Tornavo a casa con Audrey, reduce dall’ultima pipì della giornata, ed ero già davanti al portone, quando improvvisamente lo vidi. Si era materializzato quasi dal nulla a due metri da me. Era appoggiato con una mano alla vetrina della Conad, il capo chino, stanco e stremato. Alto ma un po’ ingobbito, una felpa dall’aria vissuta, scarpe sportive e un berrettaccio di lana in testa, lo sguardo ancora fiero ma nel contempo smarrito.
AUDREY ABBAIA
Audrey aveva cominciato ad abbaiargli contro (lo fa sempre perché è un cane gioioso, ama le persone, con le quali vuole interloquire e questo è il suo modo per reclamare il contatto). “Ha bisogno di aiuto?” – gli chiesi. Mi rispose senza indugio: “Si… Devo tornare là dov’ero ma non so… Può ospitarmi stasera? Gliene verrà soltanto bene…”.

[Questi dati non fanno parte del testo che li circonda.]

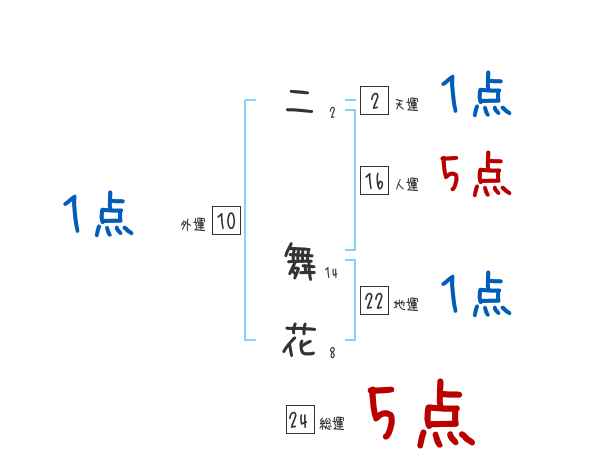人運![]() | 二舞花さんの人運は16画の5つ星!人望が厚く大きく発展する。逆転成功が見える。 性格や才能などを表す2番目に重要な運勢です。人間関係や協調性、社会的な成功に影響します。主に20歳から50歳ぐらいまでの中年期の運勢を表します。 |
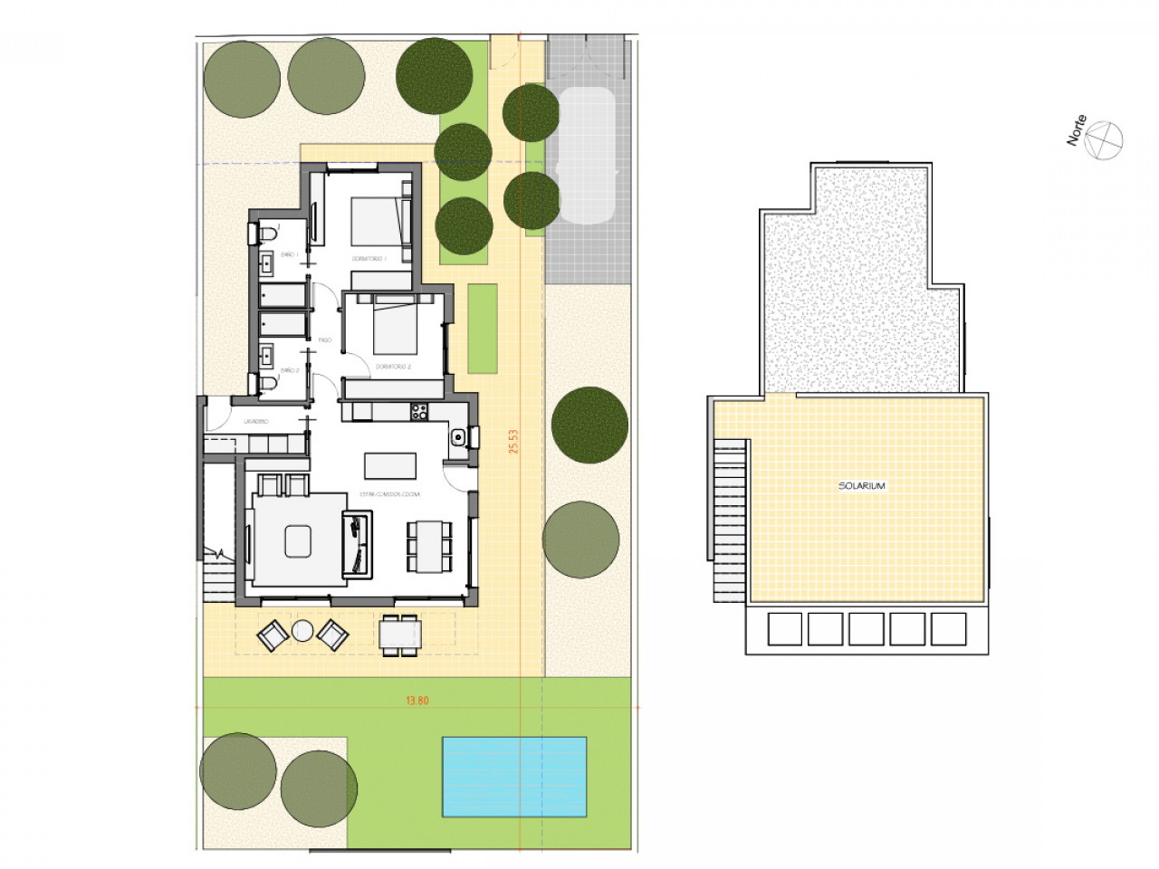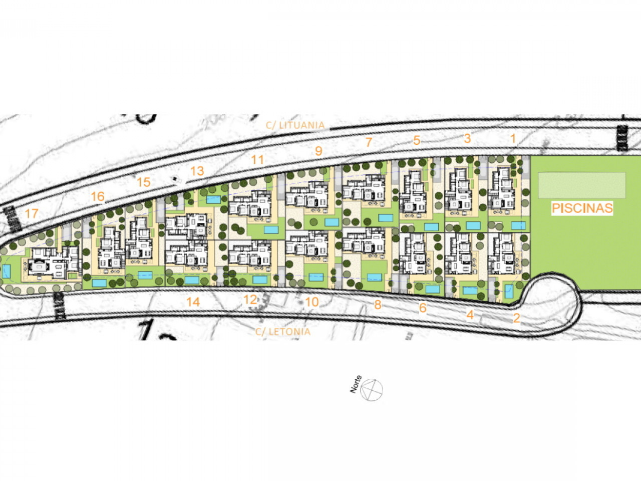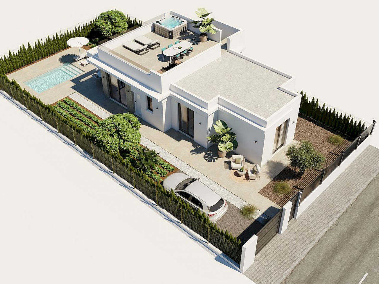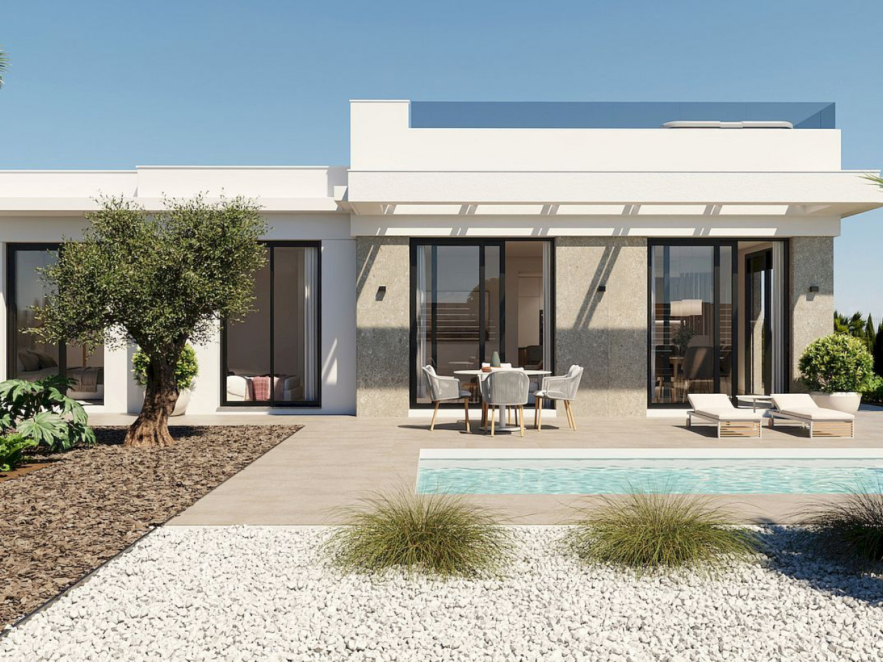 Het wooncomplex bestaat uit 17 gelijkvloerse villa’s op percelen vanaf 300 m². Alle woningen hebben 2 of 3 slaapkamers en 2 complete badkamers op één verdieping, evenals een terras met een privézwembad en een privébalkon op het dak met vrij uitzicht op de bergen en de hele dag zon.
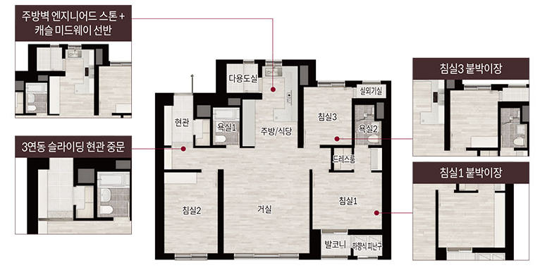 침실1은 부부 침실, 침실3은 추가 옷방으로 써도 좋을 것 같습니다.

ERA UN PROFESSORE D’INGLESE
Capii che dovevo fare qualcosa. Citofonai allora a mia figlia dicendogli che stavo mandandole su Audrey con l’ascensore e restai con lui. Provai a capire. Qualcosa ricordava: si chiamava Enzo R. , era un professore d’inglese, viveva in una grande villa a Casteldaccia, ma non ricordava come e perché era arrivato in Via Ammiraglio Rizzo.
CHIAMO LA POLIZIA
Era in evidente difficoltà, non potevo lasciarlo per strada. Decisi di chiamare il 113 spiegando il caso. Mi chiesero di rimanere lì con lui in attesa della Volante. Gli agenti arrivarono dopo una quindicina di minuti. Cominciarono anche loro ad interrogarlo chiedendogli nel frattempo se avesse nella tracolla qualcosa tipo un telefonino o un documento.
IN FUGA DALL’OSPEDALE
Niente telefonino né documenti. Si accorsero però (con l’occhio esperto e allenato che a me manca) di due particolari decisivi: aveva al polso destro un braccialetto in plastica con le sue generalità e al polso sinistro addirittura un catetere ancora attaccato: fu chiaro allora che Enzo R., classe 1940, senza parenti e per questo affidato ad un assistente sociale, era scappato da un ospedale o da una casa protetta.
L’INVITO A CENA
La Centrale confermò. Non una volta ma due volte Enzo era riuscito ad evadere da un ospedale: la prima volta dal Buccheri La Ferla, la seconda da Villa Sofia. Erano già le 21,30. “Può invitarmi a cena? Io mangio pochissimo” – mi chiese guardandomi con quei suoi occhi acquosi e febbricitanti. Gli risposi che era già tutto organizzato, che avrebbe mangiato e poi dormito al caldo e al riparo. Mi parve rassicurato.
BUONA SERA, PROFESSORE
Gli agenti chiamarono a qual punto il 118 che arrivò una mezz’oretta dopo. Gli operatori lo salutarono divertiti: “Buona sera professore!” Lui parve sorpreso: “Ci conosciamo?”. Lo conoscevano, perché era già la terza volta che lo recuperavano e lo portavano in ospedale… Gli agenti seguirono l’ambulanza. Ci salutammo e ringraziammo a vicenda.
QUANTI UOMINI RANDAGI
Salii a casa, dove Simona e Audrey mi aspettavano. Ero sollevato ma anche un po’ turbato: cosa sarebbe successo se quell’uomo in fuga da Villa Sofia avesse deciso di attraversare la Favorita? Se si fosse sentito male chi si sarebbe accorto di lui? Chi si sarebbe fermato notando un vecchio malmesso in un viale della Favorita? Quanti uomini che la vita e il destino hanno reso sperduti e randagi ci sono?